Organizational Power Politics: Tactics in Organizational Leadership

By Gilbert W. Fairholm | Go to book overview

14
Bases of Power
The basis of power is control over needed and scarce resources. We may define resources as anything physical or psychological we own and make available to others and valuable to them in meeting their perceived needs. To be useful for power purposes, the target must see the resources as available only (or most economically) from us. In effect, power comes to us when others perceive us as having resources in some kind of monopoly ( Kipnis, Schmidt, and Wilkinson, 1980). The scarcer the commodity, the more useful it is to us to achieve our desires from those who want that commodity. The more of these scarce resources we control, the more powerful we are in the eyes of those persons in need.Any discussion of power bases must include the seminal work of French and Raven ( 1959). They distinguished five types of power: reward power, coercive power, expert power, referent power, and legitimate power. Briefly, they define these very commonly referenced bases of power as follows:
1. Reward power--based on our ability to provide benefits to the target.

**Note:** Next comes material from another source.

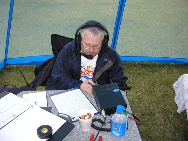 This is my second year with a General class license and my first attempt at Field Day as a single operator portable station. My loyal companion, (my wife Arlene) and I set up my station at Windmill State Recreation Area, about 40 miles from home. It was an extremely cool day for Nebraska in June. The rig is an ICOM 706MKIIg through an MFJ-969 tuner all powered by a marine battery. The first antenna we put up was nothing more than a simple 80 meter dipole fed with ladder line. Couldn't get it to tune up to save my soul. At this point field day was in its second hour and I hadn't made a single contact. Down comes the 80 meter dipole to be replaced with a previously tried 40-20-10 multi dipole. Hurray, got on the air. I figured the problem out on Monday morning after Field Day. The tuner requires a jumper to connect the internal 4:1 balun. I thought the jumper was internal to the tuner. The second antenna I put up was fed with coax. Lesson learned. Never overlook the simplest things. I had never used the tuner with a balanced feedline. We hung it up about midnight local time. I was kind of sad to see it end. Looking forward to Field Day 2005 and trying that 80 meter dipole out.
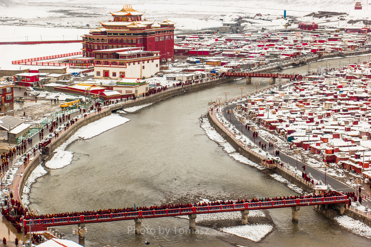 Wrzucam kilka obrazków z jednego z najbardziej niesamowitych miejsc, które można odwiedzić w regionie Siczuan: klasztor i świątynia Yarchen Gar (Yaqing Si). Widok wyspy szczelnie zabudowanej mnisimi chatkami z byle czego robi spore wrażenie. Z perspektywy turysty – trochę szkoda, że władze próbują “udoskonalić” mnisie miasteczko, głównie poprzez wyburzanie jego części…

2. Coercive power--based on our ability to provide punishing effects to the target for noncompliance.
3. Expert power--based on the special ability and knowledge that we have that the target would like to have or use.
4. Referent power--based on desires others have to identify favorably with us or with what we symbolize to them.
5. Legitimate power--based on the feeling others have that we have the right and authority to exert influence over their activities. This feeling results from acceptance of our grant of power by the formal organization or through historical precedence.